# New boat Maverick HPX 15



## jslimick89 (Feb 10, 2011)

Finishing the bank loan tomorrow.... I will be picking her up on saturday. Let me know what you guys think...

http://floridafamilymarine.com/flats-boats/12009.html


----------



## Delmer (Dec 26, 2009)

Congratulations..... looks like a skinny running skiff.


----------



## oysterbreath (Jan 13, 2009)

Awesome boat. My buddy has one just like it but in fighting lady yellow. I have more pole time on that skiff than any other. You're gonna love it! It's sweet!


----------



## Net 30 (Mar 24, 2012)

Nice find and good price! Best of luck.


----------



## Shadowcast (Feb 26, 2008)

Nice! HPX 15 has always been high on my list of favorites!


----------



## Creek Runner (Sep 1, 2011)

Nice rig, it's about the best 15 in its class.


----------



## jslimick89 (Feb 10, 2011)

Yeah im excited. The boat was babied... It doesn't even have push pole holders which is a sin in my book. The boat was a bank repo which is why the price is so good. That dealership only sells bank repo's. I will take some more pictures when i pick the boat up. I was very surprised with the speed. When i tested the boat. it did 30mph with 3 big guys.


----------



## captd (Feb 8, 2011)

gotta tell you... i own a one year old hpx micro with a 40... it's the best skiff i have ever driven and poled. and i have been poling skiffs for 20 years. i have had all the major brands, and some lesser known ones. you got the best one. enjoy.


----------



## jslimick89 (Feb 10, 2011)

Awesome! thanks! Does anybody have recommendations for push pole holders? I was thinking of just going with the stiffy brand.


----------



## Creek Runner (Sep 1, 2011)

I just put a set of V marine on my buddy's new 18 HPX, check em out.


----------



## AfterHours2 (Aug 2, 2010)

> I just put a set of V marine on my buddy's new 18 HPX, check em out.

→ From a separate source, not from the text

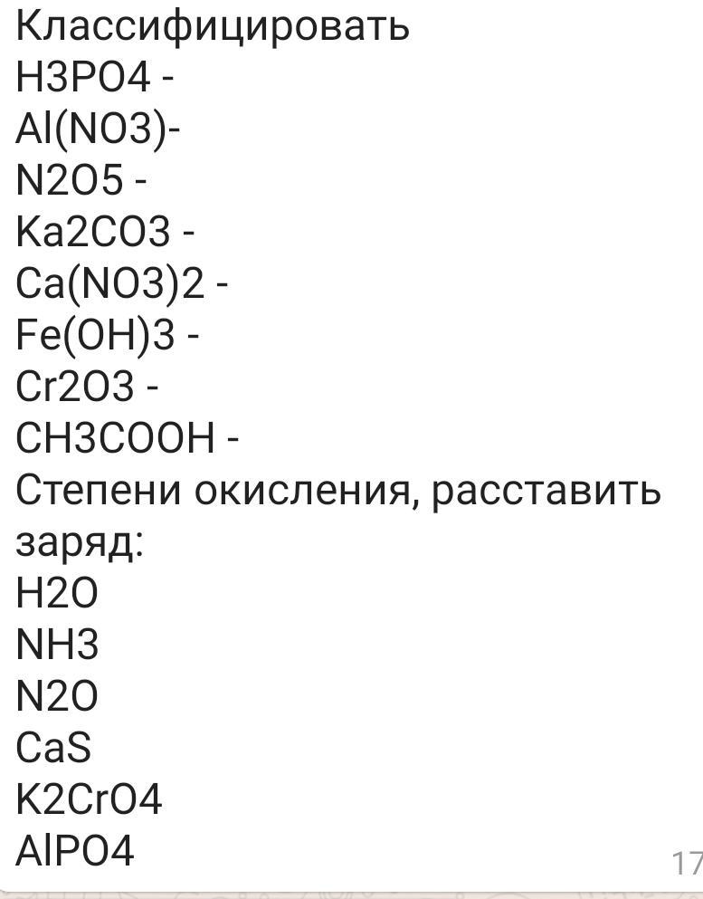 H⁺¹₂O⁻² , N⁻³H⁺¹₃ , N⁺¹₂O⁻² , Ca⁺²S⁻² , K⁺¹₂Cr⁺⁶O⁻²₄ , Al⁺³P⁺⁵O⁻²₄

V Marine x2. Seems to be the favorite on most of your custom skiffs now days.


----------



## EER (Jul 16, 2011)

Congrats on the new skiff, looks great. I went with V-Marine for my push pole holders.


----------



## BRunner346 (Dec 28, 2010)

Nice ride!


----------



## el9surf (Dec 23, 2008)

I just sold mine but I have a ton of hours on the tower of that boat. I ran mine for 5 years and loved it. Congrats, it is a really awsome little boat. 

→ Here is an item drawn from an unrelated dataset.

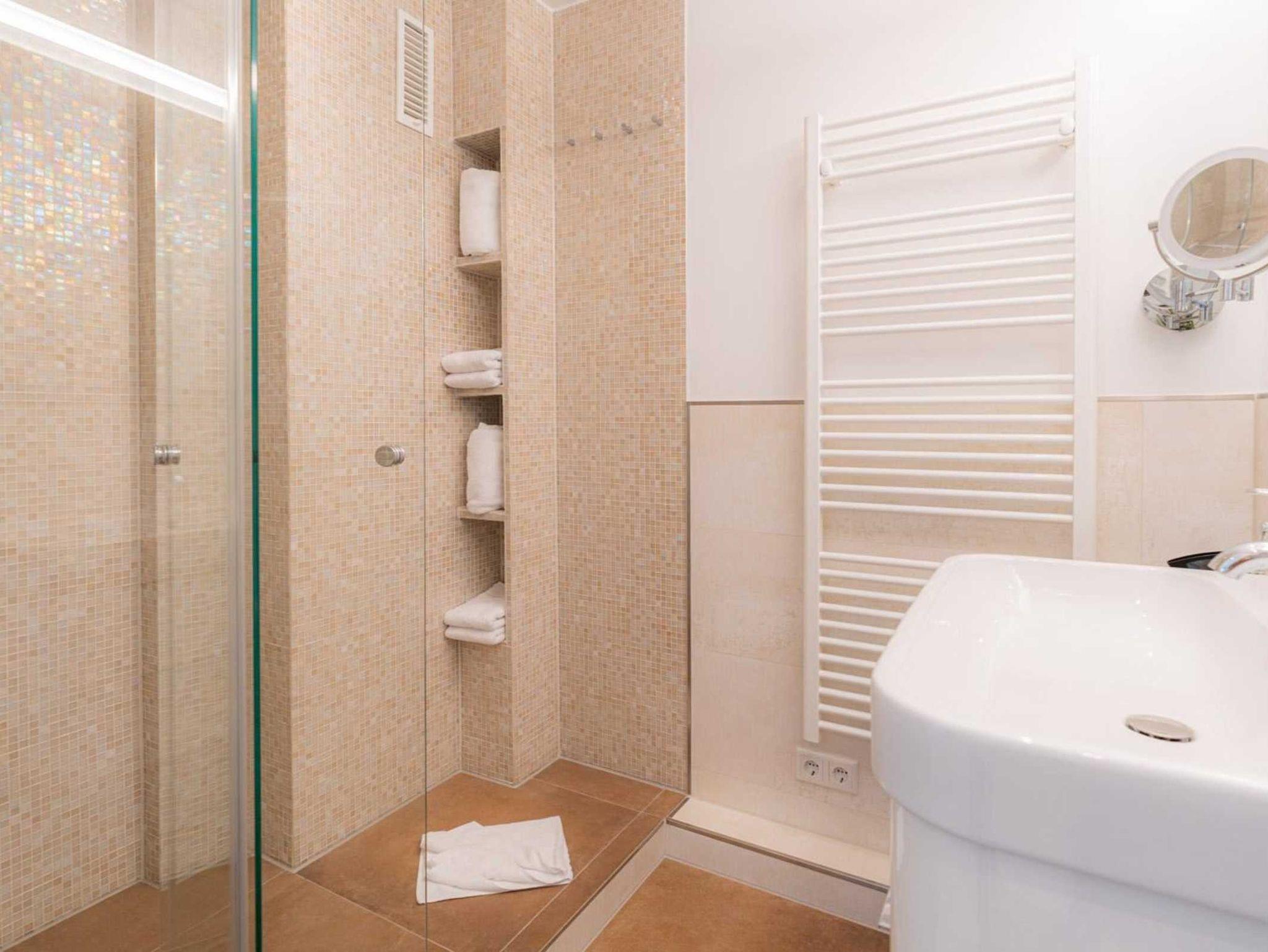 Badezimmer (Duschbad) mit Dusche, WC, Handtuchwärmer, Fußbodenheizung und Föhn.

One word of advice. Check the fuel tank under the carpet. If it is fiberglass do not run e 10. 

Aside from that it is an excellent poling skiff and handles rough water really well for its size. I had the stiffy holders on mine with the little wrap around bungees. 
Oh yeah, get ready to catch some fish really close to the boat. It doesn't push much of a wake and zero hull slap.


----------